**YOUR INSTRUCTIONS**
Write the listing below out again word for word, without a single picture.

####

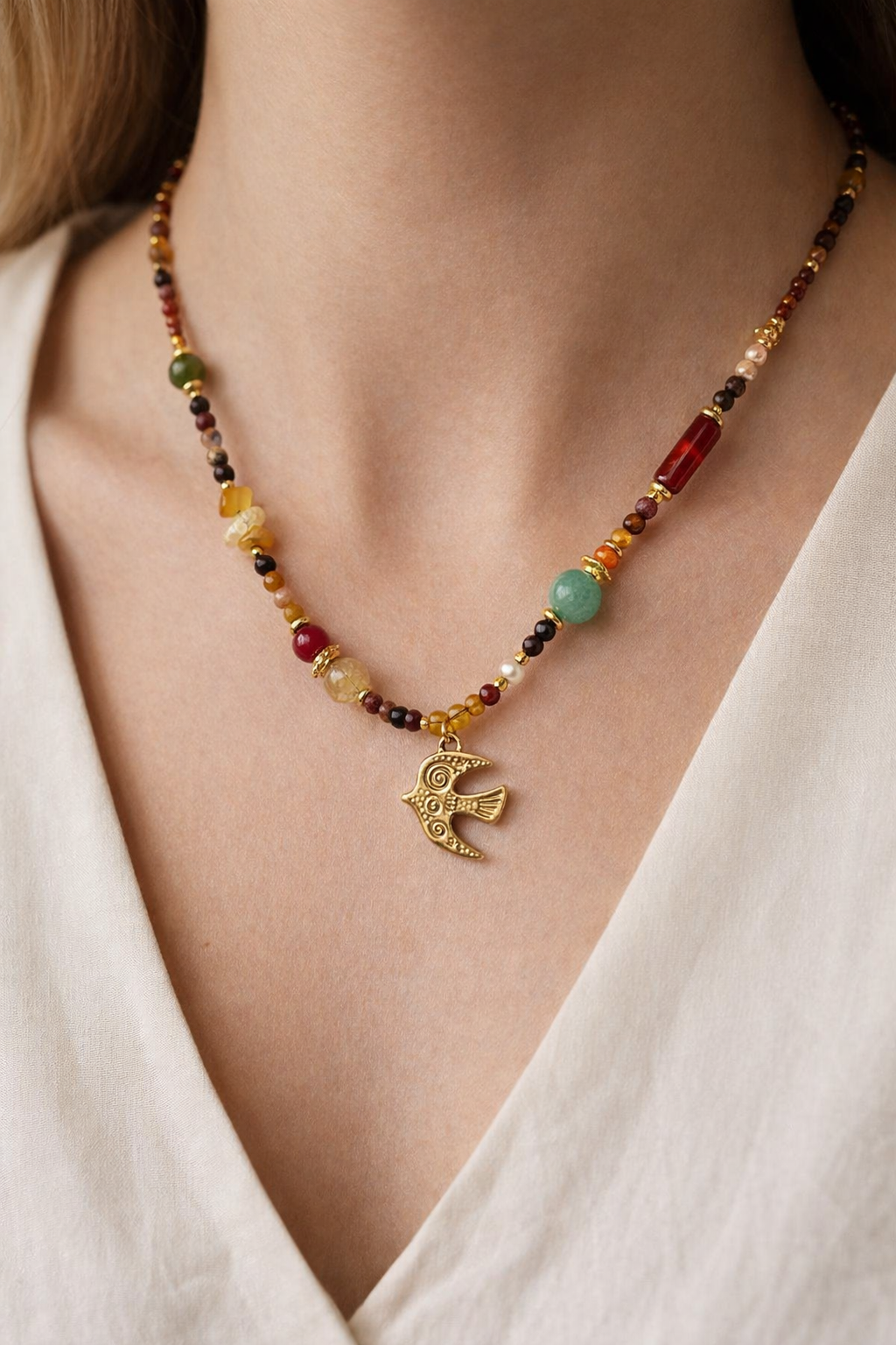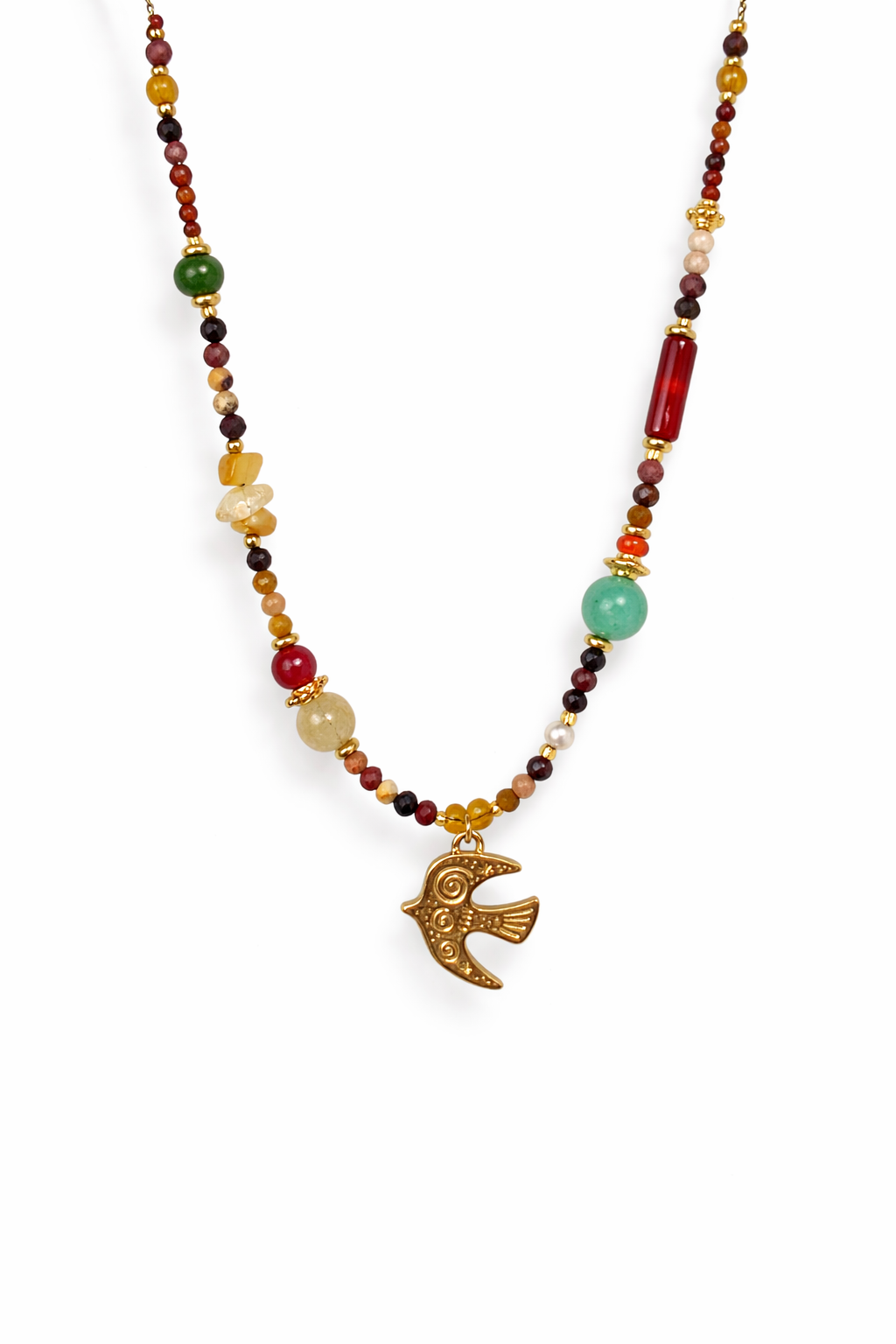Colar de contas em pedra natural com diversas formas e cores com pendente de pássaro.
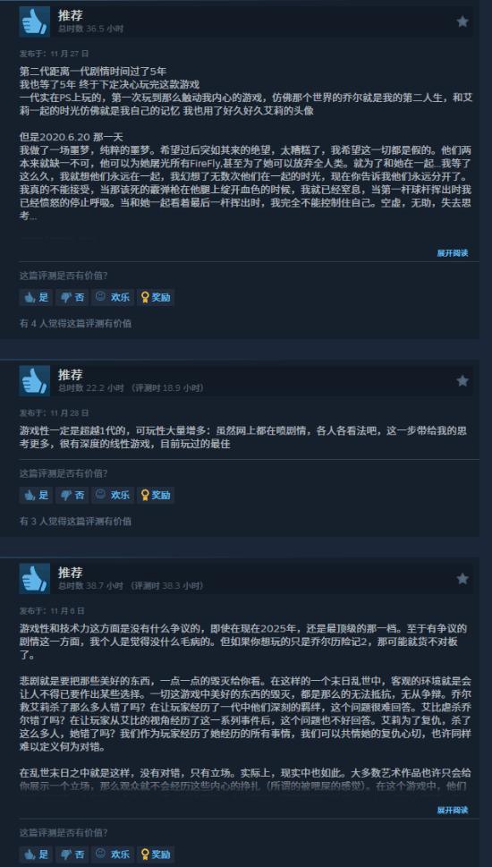 值得注意的是,尽管原作剧情自 2020 年发售以来始终伴随争议,但 PC 版推出近一年后,玩家评价更趋理性。多数给出好评的玩家表示,抛开初期对剧情的争议,重制版在战斗机制打磨、角色情感刻画与细节补充上的表现 “无可挑剔”;即便对剧情持有不同看法的玩家,也认可其 “在整体协调性上仍是独一档的存在”。
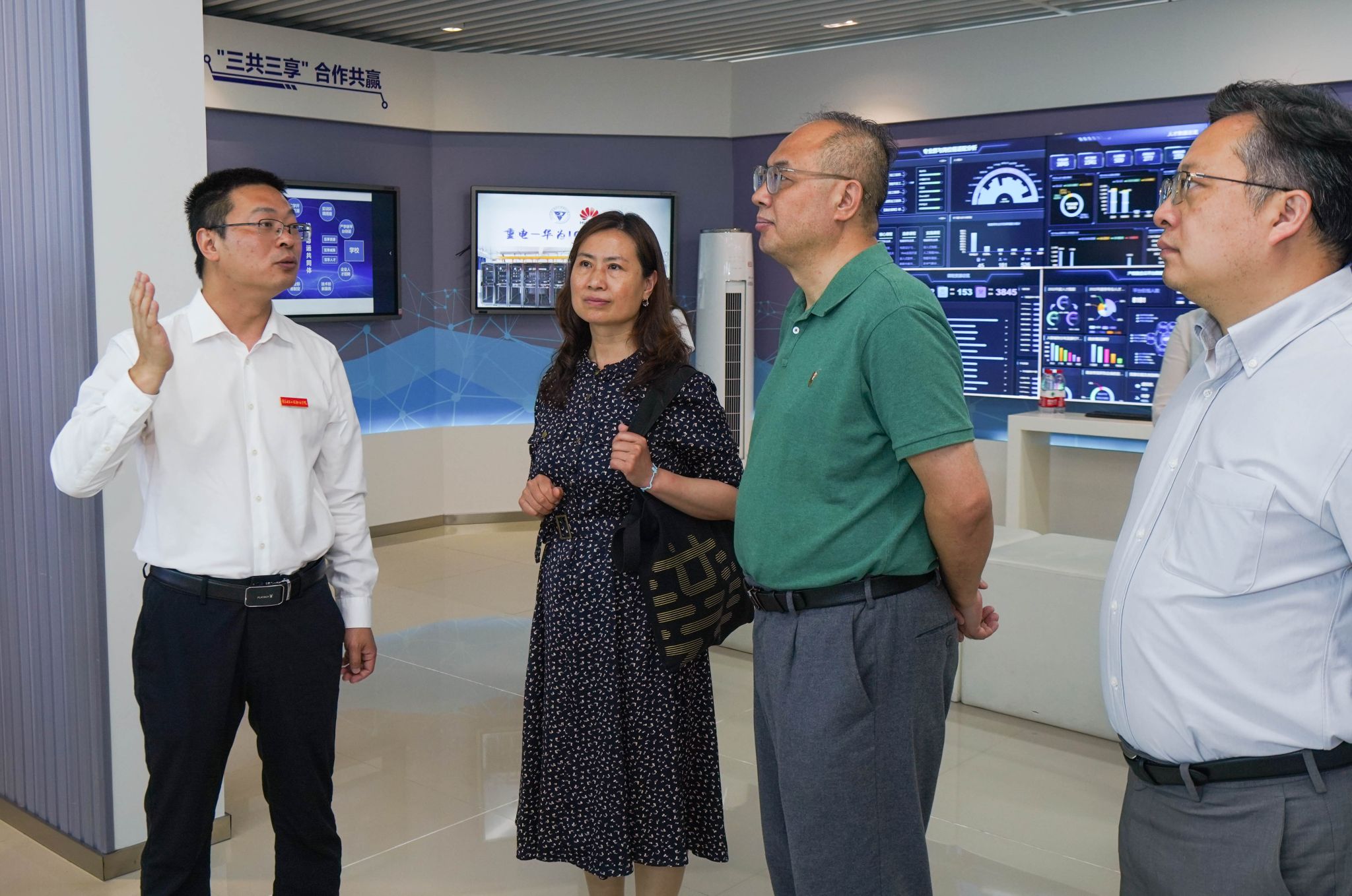 夏娟一行先后参观了人工智能与大数据学院、通信工程学院、电子与物联网学院、通识教育与国际学院,实地了解学校建设发展成就。双方在通识教育与国际学院2307丝路会议室召开工作座谈会,由副校长幸昆仑主持。
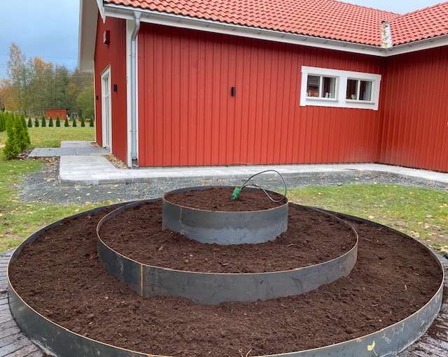 De nya planteringsrondellerna blir säkert jättefina när växterna kommer på plats och det mesta också i en bekväm arbetshöjd. Då får vi bara hoppas att växterna hinner komma på plats innan frosten men just nu ser det väl ut att hålla sig på + ett tag.
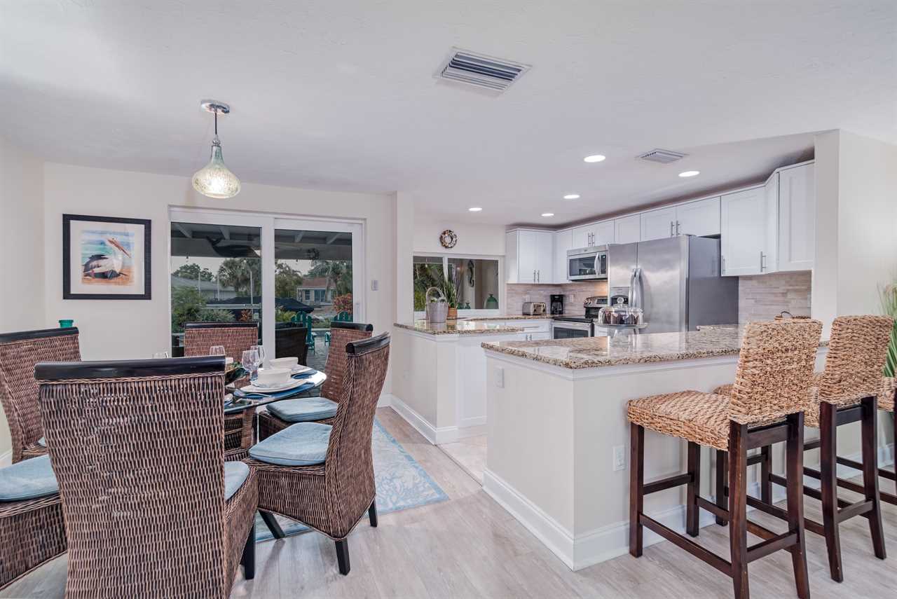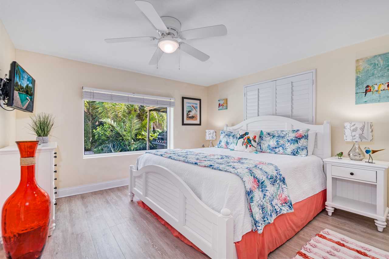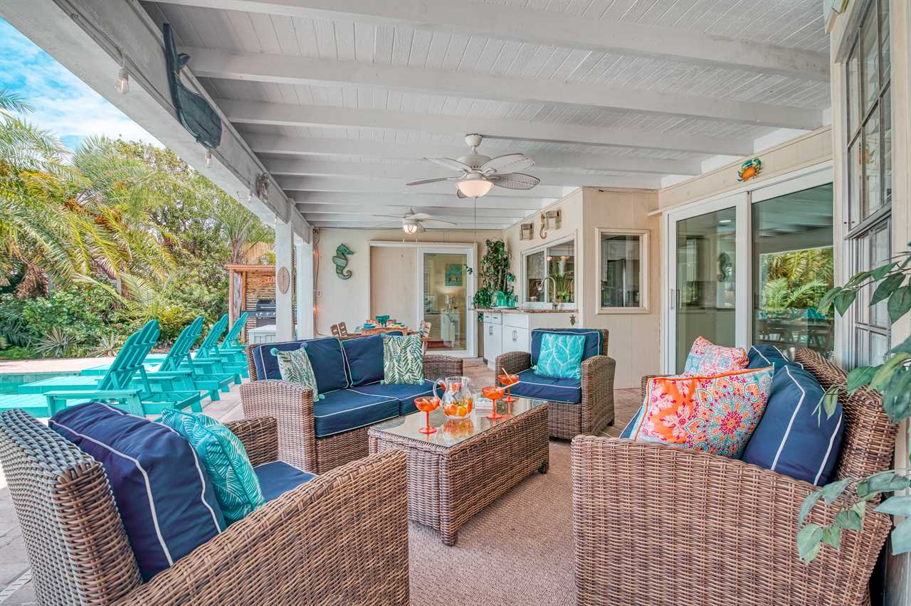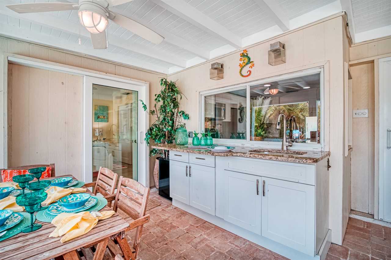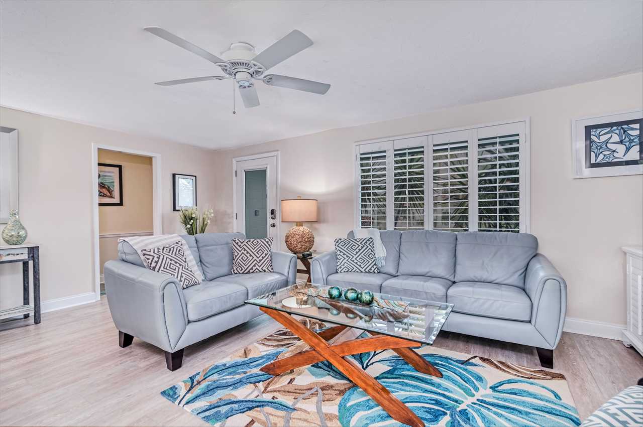 Your day begins with a gentle breeze drifting in as you relax on your covered back porch, watching the palms sway. After a leisurely breakfast prepared in the gourmet-grade kitchen with its convenient window pass-through to the patio, you gather your beach essentials—provided for your convenience—and take the short, invigorating 10-minute walk to Siesta Key Beach, feeling the world-famous white sands beneath your toes.
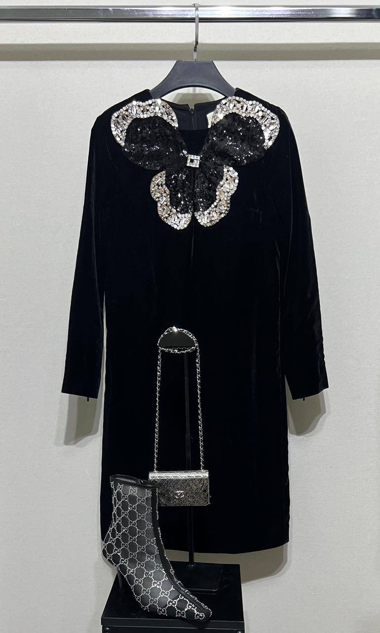 Платье LUX-113211 представляет собой элегантное черное платье, выполненное в классическом стиле. Оно имеет длинные рукава и декорировано крупным бантом, украшенным пайетками и стразами. Такое платье может быть отличным выбором для вечернего выхода.
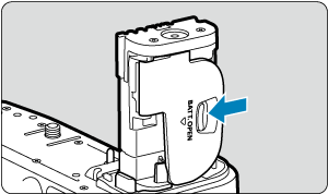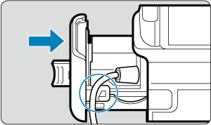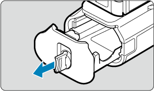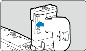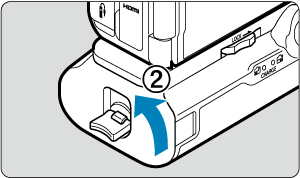 - Τοποθετήστε τον μετατροπέα DC DR-E6 (πωλείται ξεχωριστά) με τον ίδιο τρόπο που τοποθετήσατε τις μπαταρίες.
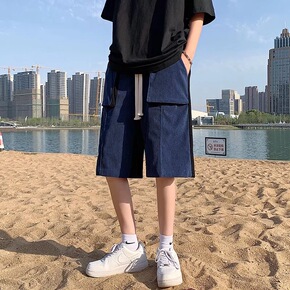 工装五分裤男夏季ins日系复古灯芯绒休闲裤学生短裤...

####

**RESULT**
Colar de contas em pedra natural com diversas formas e cores com pendente de pássaro.
 值得注意的是,尽管原作剧情自 2020 年发售以来始终伴随争议,但 PC 版推出近一年后,玩家评价更趋理性。多数给出好评的玩家表示,抛开初期对剧情的争议,重制版在战斗机制打磨、角色情感刻画与细节补充上的表现 “无可挑剔”;即便对剧情持有不同看法的玩家,也认可其 “在整体协调性上仍是独一档的存在”。
 夏娟一行先后参观了人工智能与大数据学院、通信工程学院、电子与物联网学院、通识教育与国际学院,实地了解学校建设发展成就。双方在通识教育与国际学院2307丝路会议室召开工作座谈会,由副校长幸昆仑主持。
 De nya planteringsrondellerna blir säkert jättefina när växterna kommer på plats och det mesta också i en bekväm arbetshöjd. Då får vi bara hoppas att växterna hinner komma på plats innan frosten men just nu ser det väl ut att hålla sig på + ett tag.
 Your day begins with a gentle breeze drifting in as you relax on your covered back porch, watching the palms sway. After a leisurely breakfast prepared in the gourmet-grade kitchen with its convenient window pass-through to the patio, you gather your beach essentials—provided for your convenience—and take the short, invigorating 10-minute walk to Siesta Key Beach, feeling the world-famous white sands beneath your toes.
 Платье LUX-113211 представляет собой элегантное черное платье, выполненное в классическом стиле. Оно имеет длинные рукава и декорировано крупным бантом, украшенным пайетками и стразами. Такое платье может быть отличным выбором для вечернего выхода.
 - Τοποθετήστε τον μετατροπέα DC DR-E6 (πωλείται ξεχωριστά) με τον ίδιο τρόπο που τοποθετήσατε τις μπαταρίες.
 工装五分裤男夏季ins日系复古灯芯绒休闲裤学生短裤...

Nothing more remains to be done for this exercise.